Multiscale profiling of enzyme activity in cancer [scRNA-seq]. Multiscale profiling of enzyme activity in cancer [scRNA-seq]

Purpose: The goal of this study was to use enzyme activity as a proxy for profiling tumor progression and treatment response in an autochthonous mouse model of Alk-mutant non-small-cell lung cancer (NSCLC). The Eml4-Alk model was originally described in Maddalo et al., Nature 2014. Single-cell transcriptomic profiling of the Eml4-Alk NSCLC model was performed for unbiased discovery of the phenotypic landscape of Eml4-Alk and wild type mice. Methods: Single cell suspensions were prepared from excised lungs of Eml4-Alk and sex- and age-matched healthy, wild type C57/Bl6J mice. Suspensions were pooled from n=3 mice per condition, and then were enriched for cell viability and depleted for CD45+ cells. Single cells were processed using the 10X Genomics Single Cell 3’ platform using the Chromium Single Cell 3’ Library & Gel Bead Kit V2 kit (10X Genomics), per manufacturer’s protocol. Approximately 10,000 cells were loaded onto each channel and partitioned into Gel Beads in Emulsion (GEMs) in the 10x Chromium instrument. Following lysis of the captured cells, the released RNA was barcoded through reverse transcription in individual GEMs, and complementary DNA was generated and amplified. Libraries were constructed using a Single Cell 3’ Library and Gel Bead kit. The libraries were sequenced using an Illumina NovaSeq6000 sequencer on an Illumina NovaSeq SP flow cell. Results: Gene expression matrices were generated for each sample by the Cell Ranger (v.3.0.2) Pipeline coupled with mouse reference version GRCm38. The output filtered gene expression matrices were analyzed by Python software (v.3.9.0) with the scanpy package (v.1.7.2). For final analysis, genes expressed in at least three cells in the data and cells with > 200 genes detected were selected for further analyses, and low quality cells were removed based on number of total counts and percentage of mitochondrial genes expressed. Conclusions: This study provides the first (to the best of our knowledge) single-cell RNA-seq dataset of the Eml4-Alk autochthonous model of NSCLC. Overall design: Lung single-cell RNA profiles of sex- and age-matched wild type (WT) and Eml4-Alk (EA) mice. One sample for each of WT and Eml4-Alk (EA), with each sample representing a pooled sample of n=3 individual mice.

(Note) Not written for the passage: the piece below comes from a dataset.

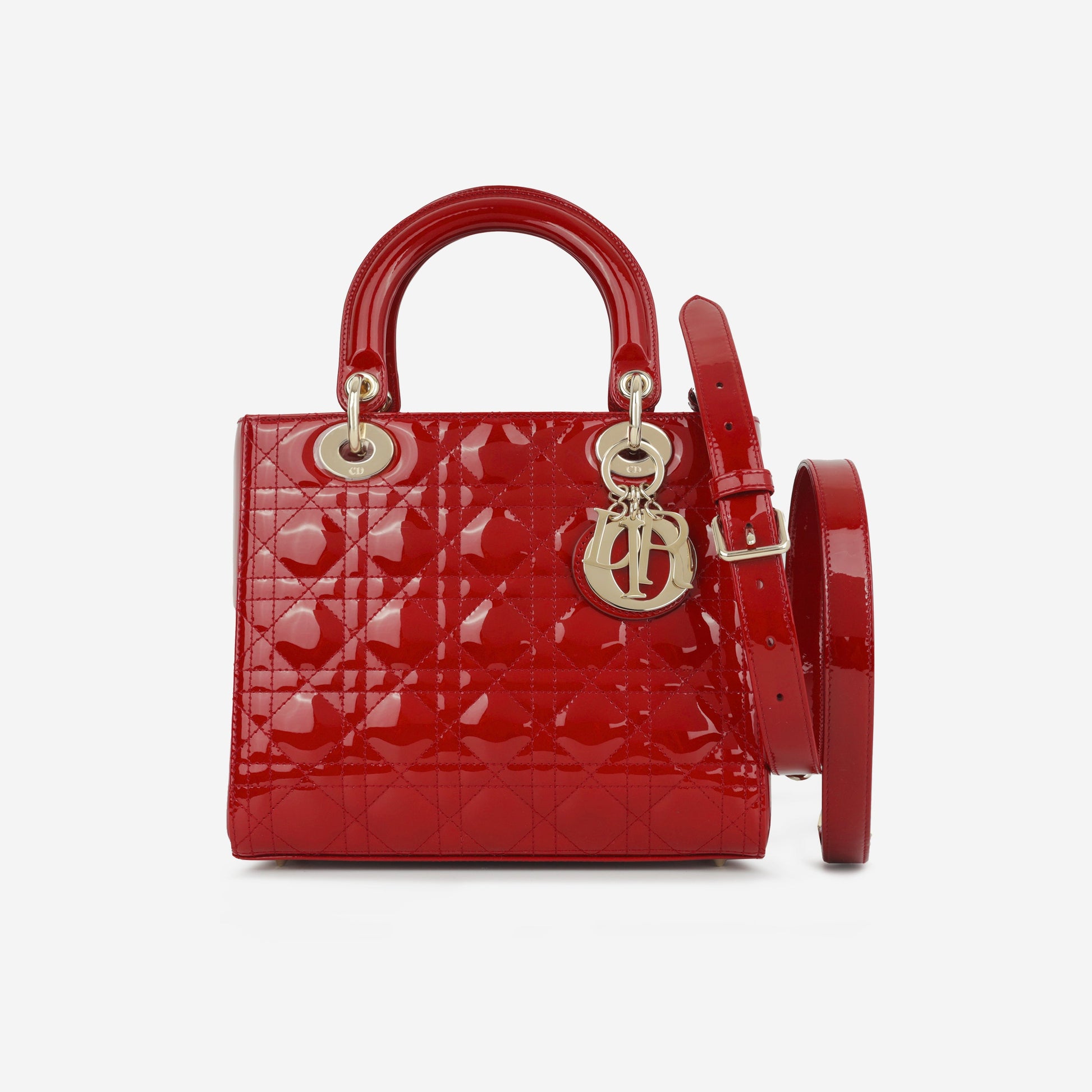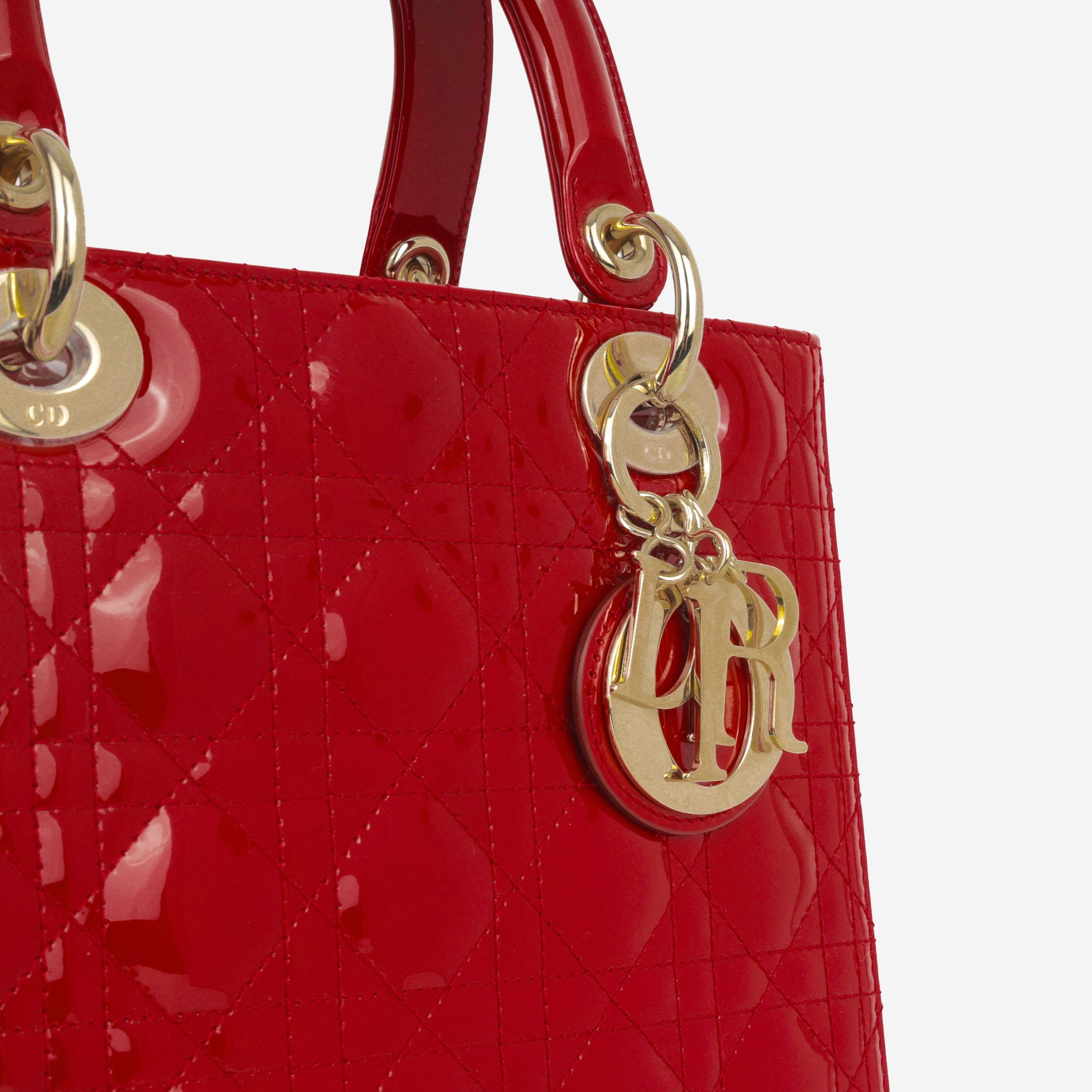 A timeless work of art, the "Lady Dior" bag has become the icon 'it-bag' within the entire Dior collection. Meticulously crafted by hand, this Medium-sized patent leather bag is enhanced by signature Dior "Cannage" stitching. The Lady Dior bag, also known as the Princess bag, is undoubtedly Dior’s most iconic bag. The bag is named after Princess Diana, who skyrocketed its popularity ever since she was first gifted the bag in the Mid-90's.

研究目的：本研究旨在以酶活性作为替代指标，对ALK突变型非小细胞肺癌（non-small-cell lung cancer, NSCLC）内源自发小鼠模型（autochthonous mouse model）中的肿瘤进展与治疗响应进行谱型分析。Eml4-Alk模型最初由Maddalo等人于2014年发表于《Nature》。本研究同时对该模型开展单细胞转录组谱分析，以无偏方式解析Eml4-Alk与野生型小鼠的表型谱。 方法：从Eml4-Alk模型小鼠以及性别、年龄匹配的健康野生型C57/Bl6J小鼠的切除肺部制备单细胞悬液。每组取3只小鼠的单细胞悬液进行混合，随后富集活细胞并去除CD45+免疫细胞。按照制造商官方方案，使用10X Genomics单细胞3’端测序平台及Chromium单细胞3’文库与磁珠试剂盒V2（10X Genomics）处理单细胞。每个测序通道加载约10000个细胞，在10x Chromium仪器中制备为油包水磁珠微滴（Gel Beads in Emulsion, GEMs）。捕获的细胞裂解后，释放的RNA在单个GEM中通过逆转录反应完成条形码标记，随后生成并扩增互补脱氧核糖核酸（complementary DNA, cDNA）。采用单细胞3’文库与磁珠试剂盒完成文库构建。使用Illumina NovaSeq6000测序仪在Illumina NovaSeq SP流动槽上完成文库测序。 结果：采用Cell Ranger（v.3.0.2）分析流程结合小鼠参考基因组版本GRCm38，为每个样本生成基因表达矩阵。使用Python（v.3.9.0）及scanpy包（v.1.7.2）对输出的过滤后基因表达矩阵进行数据分析。最终分析阶段，筛选出至少在3个细胞中表达的基因，以及检测到超过200个基因的细胞，并基于总计数数与线粒体基因表达百分比去除低质量细胞。 结论：据我们所知，本研究首次提供了Eml4-Alk NSCLC内源自发模型的单细胞RNA测序数据集。 整体实验设计：纳入性别与年龄匹配的野生型（WT）及Eml4-Alk（EA）小鼠的肺部单细胞RNA谱。野生型与Eml4-Alk（EA）组各设置1个混合样本，每个样本均由3只个体小鼠的样本混合制备。